We care because this let’s us meaningfully talk about standard errors, which are just a way to estimate how wide this distribution should be from just a single sample. But there is something else that I want to bring up. Something far more important, it is the concept of bootstrapping your standard errors for a statistic.

## Bootstrapping And the Central Limit Theorem

So in my last post, I talked about how to make a maximum likelihood estimate. Well, as I mentioned in that post, the default optimizer in python will create an estimate of the inverse hessian matrix, which gives you the variance-covariance matrix for your parameters, and thus you can talk about statistical significance. How can you handle that if you need to rely on an optimizer that won’t create an estimate of the variance covariance matrix? You can rely on the central limit theorem and bootstrap your way to success.
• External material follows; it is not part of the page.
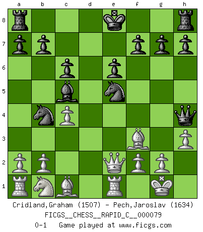 Last move : 0-1 2009 December 8 17:31:41 [Event "FICGS__CHESS__RAPID_C__000079"] [Site "FICGS"] [Date "2009.10.17"] [Round "1"] [White "Cridland,Graham"] [Black "Pech,Jaroslav"] [Result "0-1"] [WhiteElo "1507"] [BlackElo "1634"] 1.e4 Nf6 2.e5 Nd5 3.d4 d6 4.Nf3 Bg4 5.Be2 e6 6.h3 Bxf3 7.Bxf3 c6 8.O-O dxe5 9.dxe5 Nd7 10.Re1 Bc5 11.c4 Qh4 12.Qc2 Nb4 13.Qe2 Nxe5 0-1 Alekhine's defense : Modern variation, 4...Bg4 Kingside Castling by player White (move 8) Player Black won this chess game. Follow this game move after move (download)Up to this point White has been following well-known analysis. But now he makes a fatal error: he begins to use his own head. (Siegbert Tarrasch) Das Schachspiel hat wie die Liebe, die Musik, die Fähigkeit, den Menschen glücklich zu machen. Ich habe ein leises Gefühl des Bedauerns für jeden, der das Schachspiel nicht kennt, so wie ich jeden bedaure, der die Liebe nicht kennt. (Siegbert Tarrasch) Cuando tengas duda... ¡juega al Ajedrez!. (Tevis) Les Echecs ont trois composantes : le temps, l'espace et le matériel en dernier. (Mikhail Tal) Now be brave and don't look back. Don't look back. (Shmi Skywalker in Star Wars ep.1)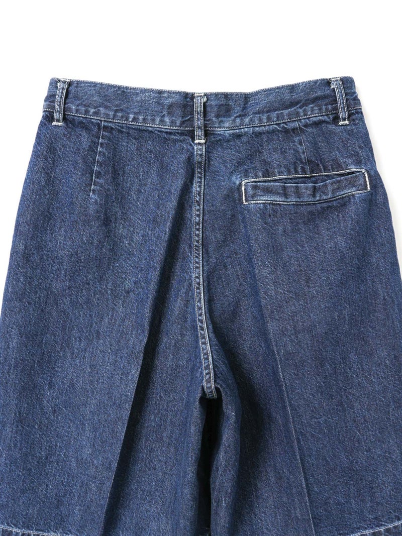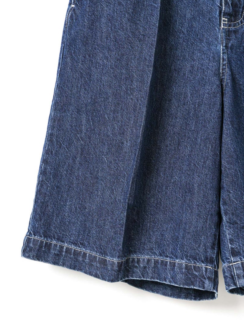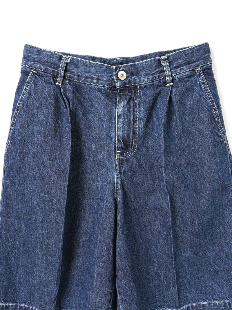 ウエストにワンタック入れたデニムハーフパンツ(ブリーチ)です。膝丈のショート丈にセンタープレスを入れた大人な表情を印象付けたデニムパンツです。ワンウォッシュより少し薄目のブルーはカジュアル感を演出。ステッチも拘って目に入ってくるデザイン。ウエストはベルト使い可能。シャツインにもお勧めです。長袖から半袖、足元からアウターまで、季節感を幅広くコーディネートしていただけます。同品番1-260095OW(ワンウォッシュ)も展開。

The way to solve that is that you consider your dataset to be the population from which you are drawing samples. Then you just draw samples with replacement, calculate your statistics of interest on your sampled data, and record the results. Rinse and repeat a couple thousand times, and you have a very nice estimate of the standard errors around your statistic of interest. Bootstrapping is just a simple application of the central limit theorem, and it will always work! You can get an idea of how statistically significant your results are by looking at the distribution around your statistic of interest. So go out there and start applying the central limit theorem in what you are doing.